Fission Power was a result of the Manhattan Project which worked to invent the atomic bomb during World War II. Four scientists in the US, including Jewish physicist Albert Einstein, were concerned about Nazi Germany developing the atomic bomb first, so they sent a letter to President Roosevelt. As a result, the Manhattan Project was created. The first bomb they created was made of Uranium-235 and dropped on Hiroshima. The second bomb was made of plutonium and dropped on Nagasaki. This ended World War II. After the Manhattan Project disbanded in 1947, more nuclear weapon tests occurred. Other countries acquired nuclear weapons. The first hydrogen bomb was created in 1951 in the US. At the same time, scientists turned to using nuclear power for electricity.
Tech Level: 9-11
The earliest reactors were prototypes that were tested in the 1950s. Nuclear fission reactors were commercialized in 1960s. They did not become controversial until 1979 when Three Mile Island went to nuclear hell. The reactor there melted down. As investigations went on, another nuclear meltdown occurred in Chernobyl which exploded in 1986 causing massive radiation poisoning in Russia. In the 1990s, more advanced so-called Generation III reactors came into service. These were improved versions of the conventional Generation II reactors as they came to be called. However, the controversy did not subside until the 2030s.

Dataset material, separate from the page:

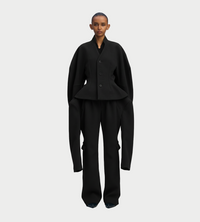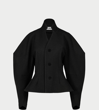 This collarless jacket is characterized by a well-defined sleeve form and a finish that expands and reimagines the perception of the body. Featuring a distinctive curved waist design, it accentuates the body contours beautifully. It is triple-woven using cotton warp threads and high-twist weft threads of polyester/polyurethane. The uneven textured surface has a robust density and moderate thickness, and despite being a cloth garment, offers just the right amount of stretch to hug the body comfortably.

Generation IV nuclear fission reactors were new, more advanced reactors. They solved all the problems of conventional reactors. They were pebble bed reactors which used small balls instead of fuel rods which provided advantages over conventional reactors. A nuclear meltdown was impossible. The uranium was only 9% enriched. Not even Iran could use it to create nuclear weapons. The nuclear waste was easier to dispose of. Finally, these new, more advanced reactors were cheaper than fossil fuels. Nuclear fission power was now a lucrative industry. But there was a problem. Uranium was a limited resource. Using thorium to make uranium was only a temporary solution. By the mid-21st century, fission was replaced with fusion.